Lily never grew out of her blue eyes and she is a white dog... no pigment to her fur. Sometimes her left one appears to have a yellowish tint or glow later in the day but she's actually the healthier of our 2 dogs o__O I guess it could be something to worry about later though...


----------



## Firehazard

JoKealoha said:


> i think firehazard is referring to neurological disorders like canine epilepsy. most are degenerative, where dogs lose control of various body functions. starting with muscle tremors and progressing towards seizures. eventually leading to death by respiratory failure or something like that.
> depends on the severity of the disorder. some are mild and dogs can live several years. some not and the pup will die within days or weeks. but almost all get worse as time passes.


^^ correct.. a while back in like 2002 there was a kennel in TX producing all White Blue eyed dogs outta Dallas.. That was a catastrophy in the making. All of the things we don't want in the bloodline came out in those litters.. They didnt last long as breeders.. LOL A blue eye or blue eyed dog that pops up is *NOT* guaranteed to have faults or degenerative kick backs; but IMO blue eyed dogs don't belong in someones hands who might want to breed for the blue eyes.

@ other person.. if your dog is a true ablino then it will be drastically affected by the sun.
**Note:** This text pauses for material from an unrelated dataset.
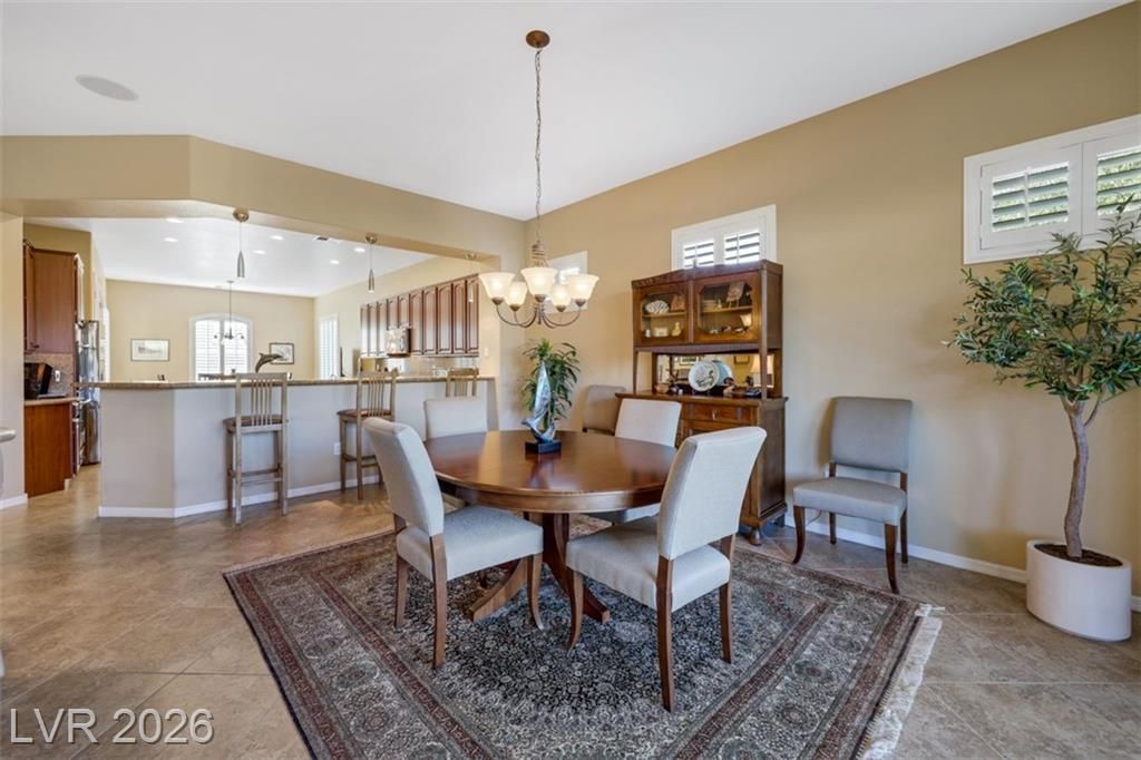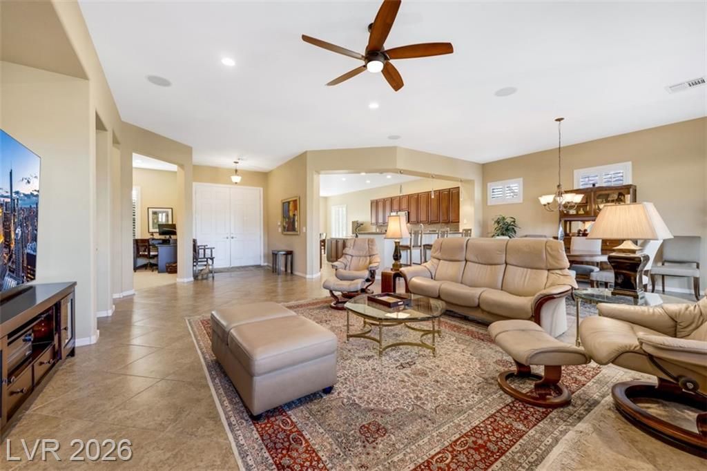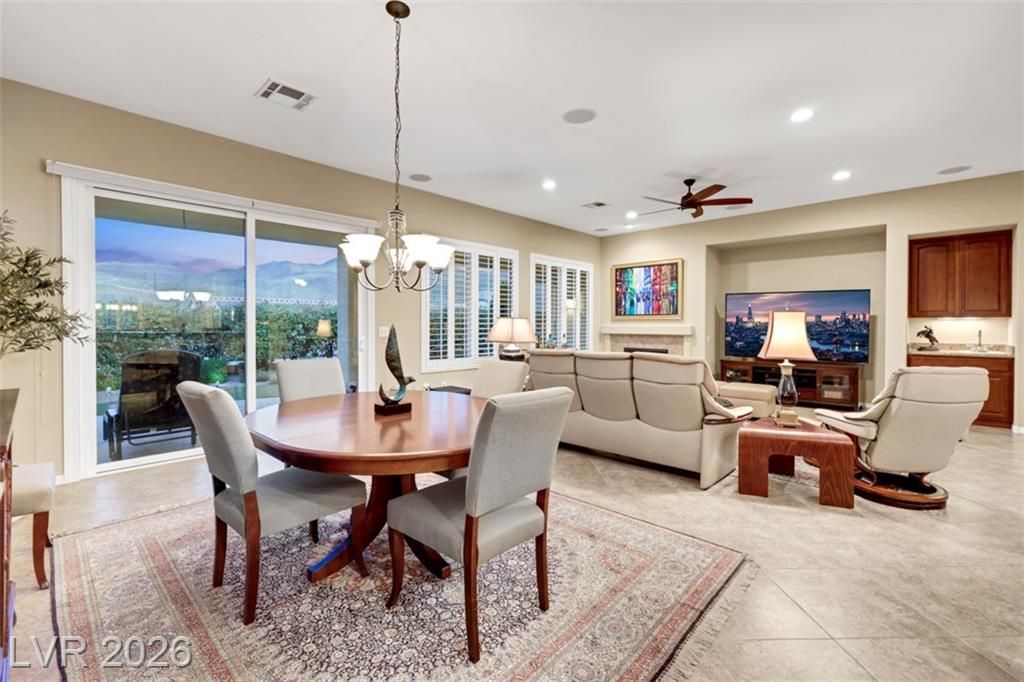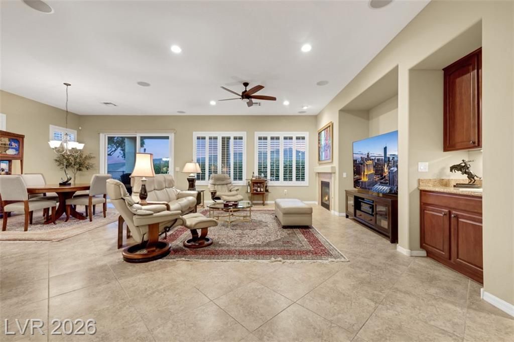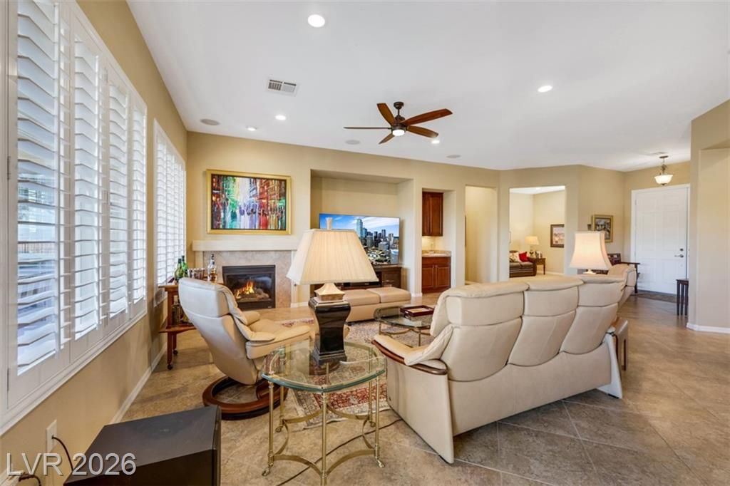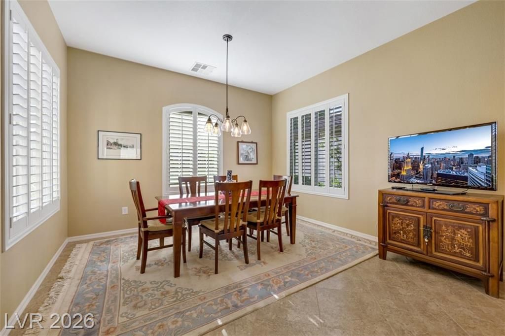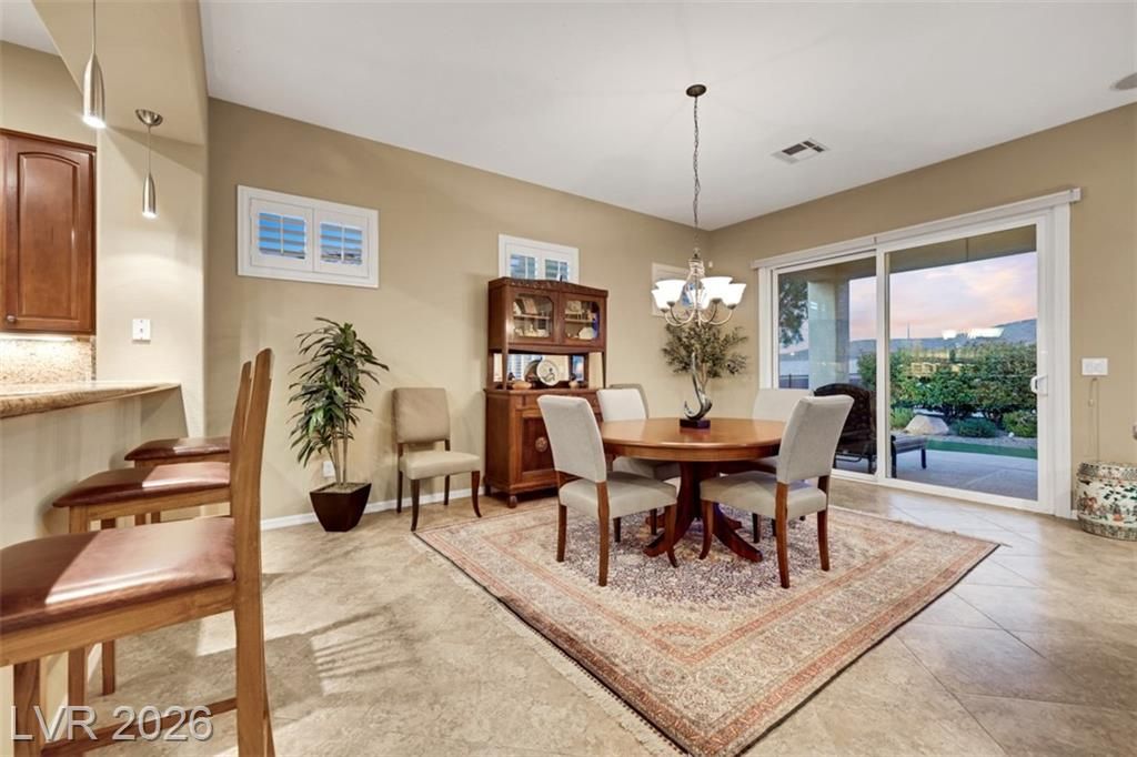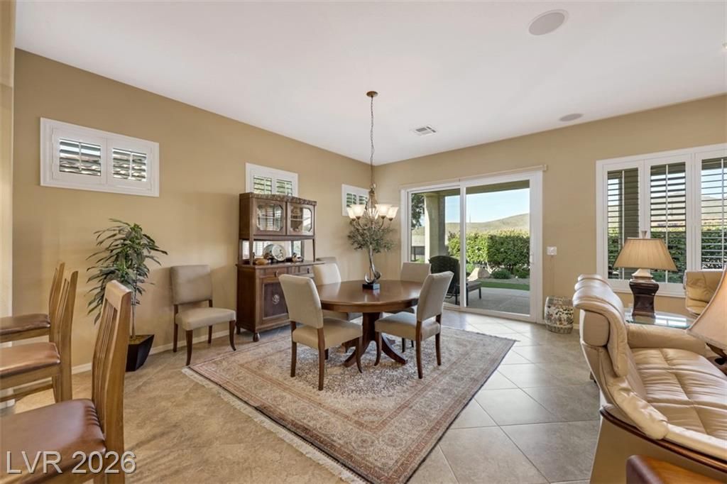 Elevated living meets refined comfort in this desirable Saratoga model in Sun City Anthem, offering partial city and mountain views, 2 bedrooms, 2.5 baths, and a den. Thoughtfully designed with tile flooring, high ceilings, and plantation shutters, the home feels bright, open, and effortlessly inviting. The oversized kitchen is a true focal point featuring granite countertops, a large island, and stainless steel appliances, ideal for both everyday living and entertaining. The spacious primary suite offers plush carpeting and direct access to the backyard, creating a seamless indoor-outdoor connection. The primary bath showcases a large soaking tub, perfect for unwinding, along with a well-designed, functional layout. Step outside to a covered patio where you can relax or entertain while enjoying the peaceful elevated setting with views. Located near Sun City Anthem’s premier amenities, this home offers the perfect blend of lifestyle, comfort, and convenience.
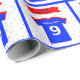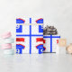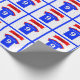 Le t-shirt sport rouge et bleu sur ce papier d'emballage a un grand numéro blanc 9, et l'espace pour vous de le personnaliser en ajoutant le nom de l'enfant d'anniversaire. Le design comporte également une banderole "Joyeux anniversaire" audacieuse. Des cartes d'anniversaire assorties sont également disponibles.

The sun will give your dog skin problems and could blind your dog. If you have a true Albino; you have a 1 in a million litterally.


----------



## KMdogs

Firehazard said:


> ^^ correct.. a while back in like 2002 there was a kennel in TX producing all White Blue eyed dogs outta Dallas.. That was a catastrophy in the making. All of the things we don't want in the bloodline came out in those litters.. They didnt last long as breeders.. LOL A blue eye or blue eyed dog that pops up is *NOT* guaranteed to have faults or degenerative kick backs; but IMO blue eyed dogs don't belong in someones hands who might want to breed for the blue eyes.
> 
> @ other person.. if your dog is a true ablino then it will be drastically affected by the sun. The sun will give your dog skin problems and could blind your dog. If you have a true Albino; you have a 1 in a million litterally.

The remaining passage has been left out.